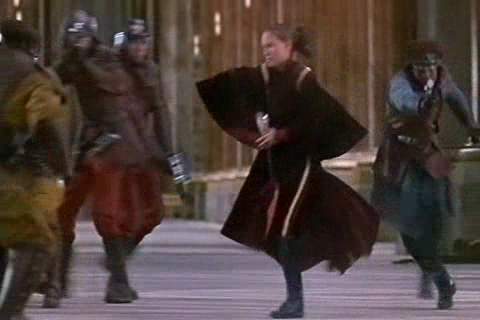 Когда же ТФцы переключили внимание на лже-принцессу, Падме достала из тайника оружие и на пару с капитаном перебили охрану. Тайник был изготовлен довольно примитивно, и странно, что его не обнаружили. Правда, Падме могла и не разделять действий: она сначала крикнула капитану, и лишь потом открыть огонь, а могла это сделать это одновременно.
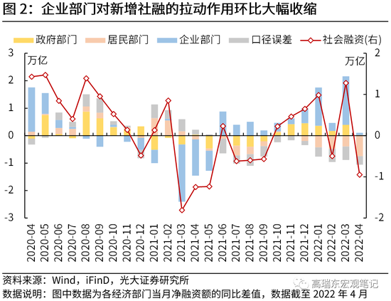实体经济和城镇就业压力反映在融资数据上,便是4月融资数据全面放缓,同时,企业和居民部门才是社会融资的主体,政府融资独木难支。疫情扰动下,实体经济全面承压,企业部门的投资扩产意愿和居民部门消费、购房意愿均明显收缩,表现在融资数据上便是,企业部门对新增融资的拉动作用环比大幅收缩,居民部门连续6个月维持拖累且拖累程度持续走阔。
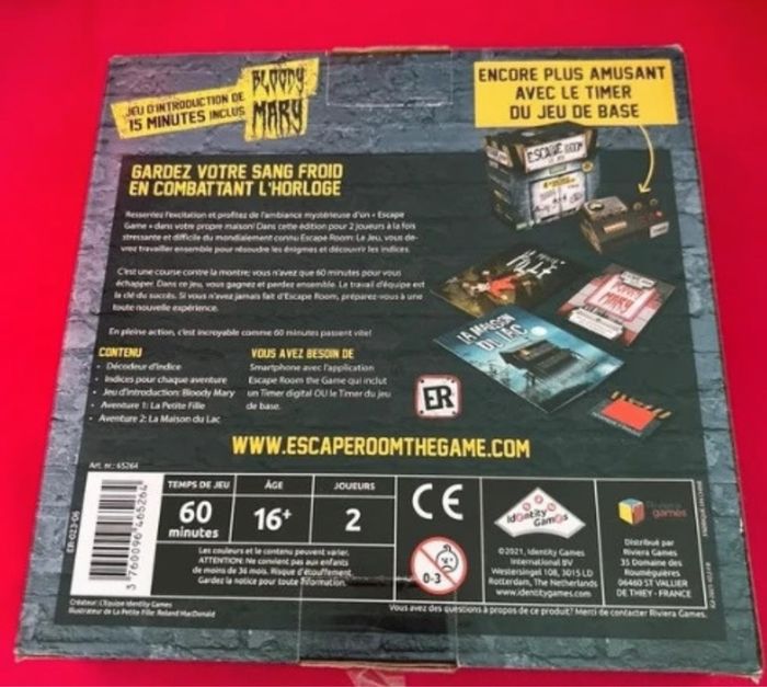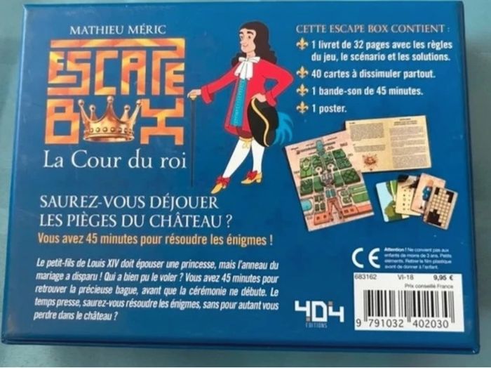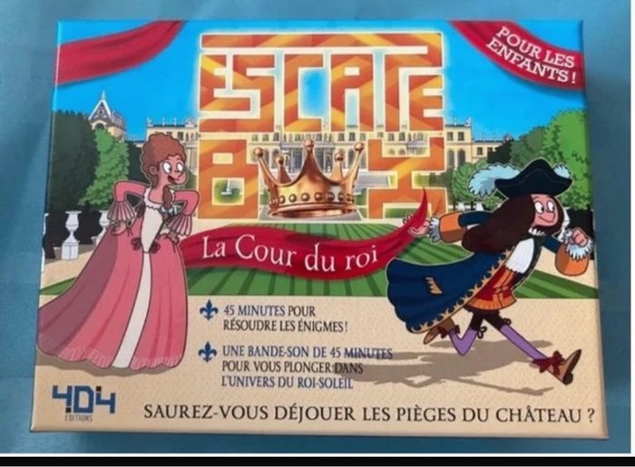 La cour du roi : 45 minutes de jeu avec 45 mns de bande son pour s'immerger dans l'univers du roi soleil à partir de 7 ans de chez 404 éditions La petite fille et la maison du lac : Nous avons commencé à le préparer mais nous n'y avons finalement pas joué. 60 minutes pour s'échapper, à partir de 16 ans pour 2 joueurs de chez Identity games Toutes les infos sont sur les photos, n'hésitez pas à bien tout regarder expédition rapide !
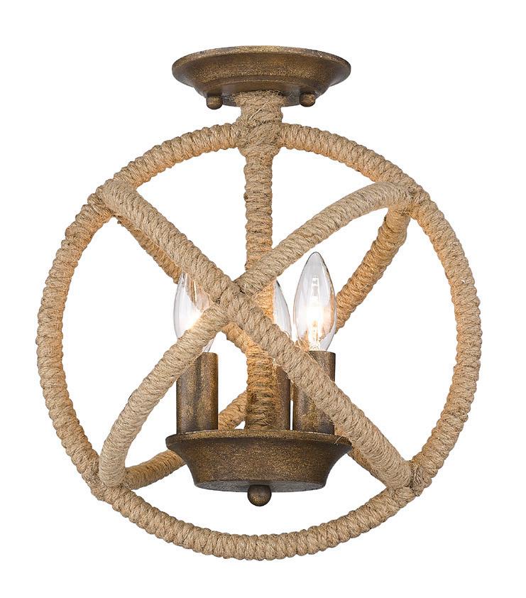 For more product information visit GoldenLighting.com 9 See form in 3D! 6930-3P VFG Vintage Fired Gold 14.375"L x 14.375"W x 19"H 3 x 60W(C) Wire: 10' / Rod: 1ea 6", 3ea 12"

ACTIVITY = Locate the line containing "实体经济和城镇就业压力反映在" in the material above, then repeat it and every later line exactly, with no pictures.

EXERCISE ANSWER =
实体经济和城镇就业压力反映在融资数据上,便是4月融资数据全面放缓,同时,企业和居民部门才是社会融资的主体,政府融资独木难支。疫情扰动下,实体经济全面承压,企业部门的投资扩产意愿和居民部门消费、购房意愿均明显收缩,表现在融资数据上便是,企业部门对新增融资的拉动作用环比大幅收缩,居民部门连续6个月维持拖累且拖累程度持续走阔。
 La cour du roi : 45 minutes de jeu avec 45 mns de bande son pour s'immerger dans l'univers du roi soleil à partir de 7 ans de chez 404 éditions La petite fille et la maison du lac : Nous avons commencé à le préparer mais nous n'y avons finalement pas joué. 60 minutes pour s'échapper, à partir de 16 ans pour 2 joueurs de chez Identity games Toutes les infos sont sur les photos, n'hésitez pas à bien tout regarder expédition rapide !
 For more product information visit GoldenLighting.com 9 See form in 3D! 6930-3P VFG Vintage Fired Gold 14.375"L x 14.375"W x 19"H 3 x 60W(C) Wire: 10' / Rod: 1ea 6", 3ea 12"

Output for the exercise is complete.